Si bien no son empresas en el sentido estricto, creo necesario decir algo más sobre los medios de comunicación y de la cultura, como el SODRE, las radios, el canal. A veces se los compara con privados, pero no corresponde, porque están para hacer lo que los privados no hacen. Importa mucho que tengan público, pero no deben guiarse por el rating a corto plazo, pues para hacer lo mismo que los privados no vale la pena que sean del Estado.

Volvamos a las empresas propiamente dichas y a algunos ejemplos de la expresión directa de las políticas. ¿Hubiera podido implementarse el Plan Ceibal para todo el país y en el tiempo en que se hizo sin empresa pública?

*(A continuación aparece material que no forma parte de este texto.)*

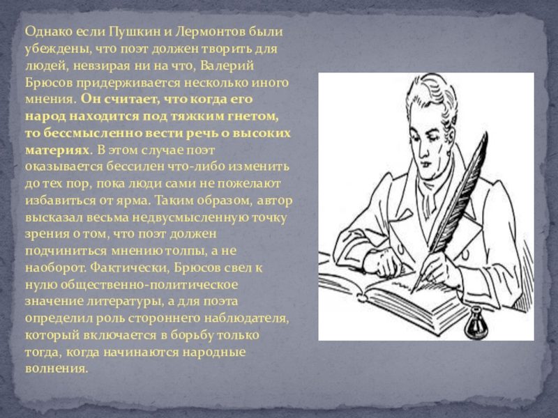 Слайд 16Однако если Пушкин и Лермонтов были убеждены, что поэт должен творить
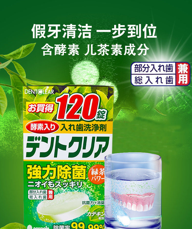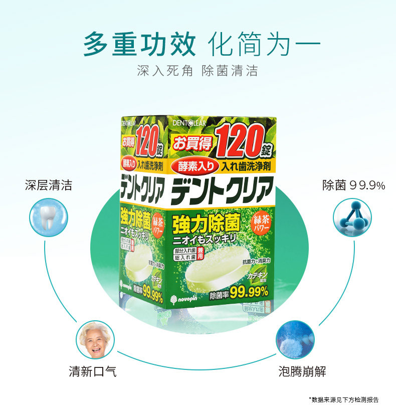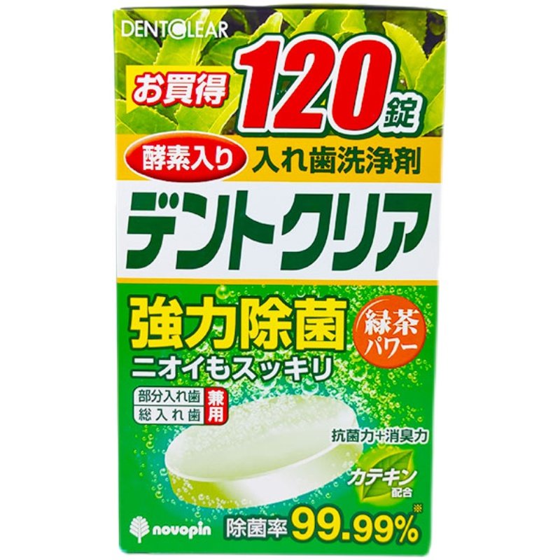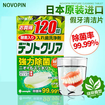 日本Novopin假牙清洁片120片绿茶味义齿牙套泡腾片假牙清洗剂进口
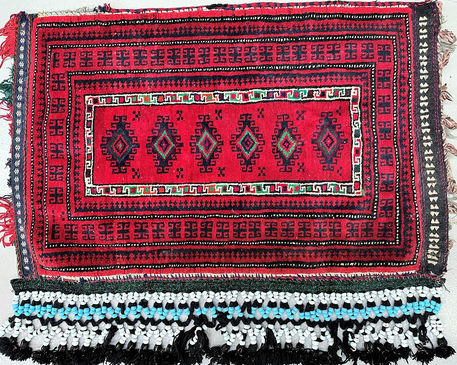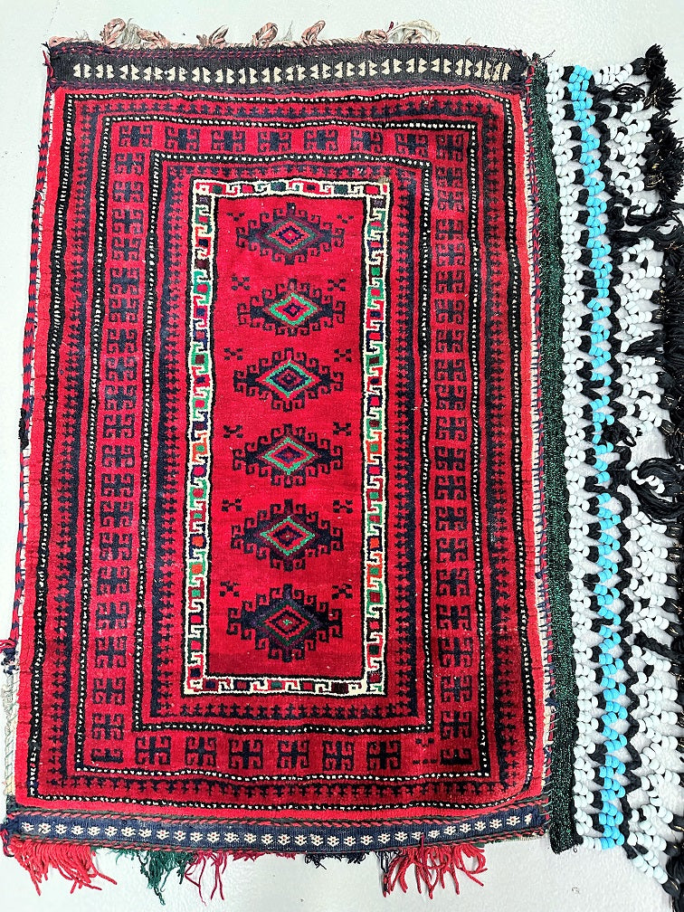 Large Authentic Handmade Afghan Mishwani Balouchi Saddle Rug/Pillow Case. Above All It Has The Kilim Backing And Could Be Filled And Used As A Large Cushion, Pillow Or As A Floor Rug. It Also Has A Pure Hand Spun Wool Pile On Wool Base. Red, Beige, Black, Orange, Green And Blue Tone Dyed Using Traditional Methods.

La energía eólica, muchas veces concedida a privados, ¿sería tan segura y estratégicamente confiable si el Estado no hubiera conservado la llave de la transmisión?

Su principal contra es el concepto difuso entre utilidades para el accionista e impuestos incluidos en las tarifas. Y para las empresas no es una ecuación fácil; me remito al ejemplo de Antel, en competencia con multinacionales gigantescas, que tiene que dar un buen servicio donde es rentable y donde no lo es, y encima generar utilidades para aportar al erario. Esto debe transparentarse mucho mejor en el proyecto político, porque abona un doble discurso nefasto: “son nuestras y las queremos, pero las tarifas esconden impuestos, pero no son eficientes, etcétera”.

Otro tema que se debe deslindar en el proyecto es cómo se decide si la empresa pública es conveniente para los ciudadanos o no. Esto pasa por la forma en que se calcula un balance en sentido genérico. ¿Priorizamos que la empresa sea superavitaria en sí misma o incluimos su servicio a la sociedad? Lo segundo es admisible, pero hay que ser muy cuidadoso y claro. Por ejemplo, los trenes en Europa no son superavitarios como empresa, pero se sabe lo que costaría no tenerlos en combustible, rutas, ambiente, seguridad y más. No necesariamente es una mácula requerir aporte presupuestal en lugar de dar beneficios, pero el intercambio debería ser tan claro como que el Estado compra servicios de utilidad social. Esas cuentas hay que hacerlas, y en Uruguay no están claras.

Para mejorar su eficiencia habría que implementar mejoras en la administración del personal; por ejemplo, que ciertas jefaturas estratégicas fueran encargaturas, y no cargos fijos. Sin duda debería haber más investigación y desarrollo, pues la inversión del Estado se puede hacer mejor cuando se sabe más. En este sentido, me preocupa que las empresas públicas no usen aun más a la Universidad de la República o a institutos de investigación como el Clemente Estable, como sus laboratorios y observatorios, con acuerdos a muy largo plazo y objetivos fijados año a año. Así, además, los profesionales que serán en gran parte sus empleados tendrán competencias más adecuadas para las empresas o para lo que las empresas hacen. Algo hay ya en este sentido, como la cooperación para implementar posgrados en ciertas especialidades. También hay contradicciones o falta de conciencia de que hay que desarrollar conocimiento local, conectado al mundo y a la vez endógeno.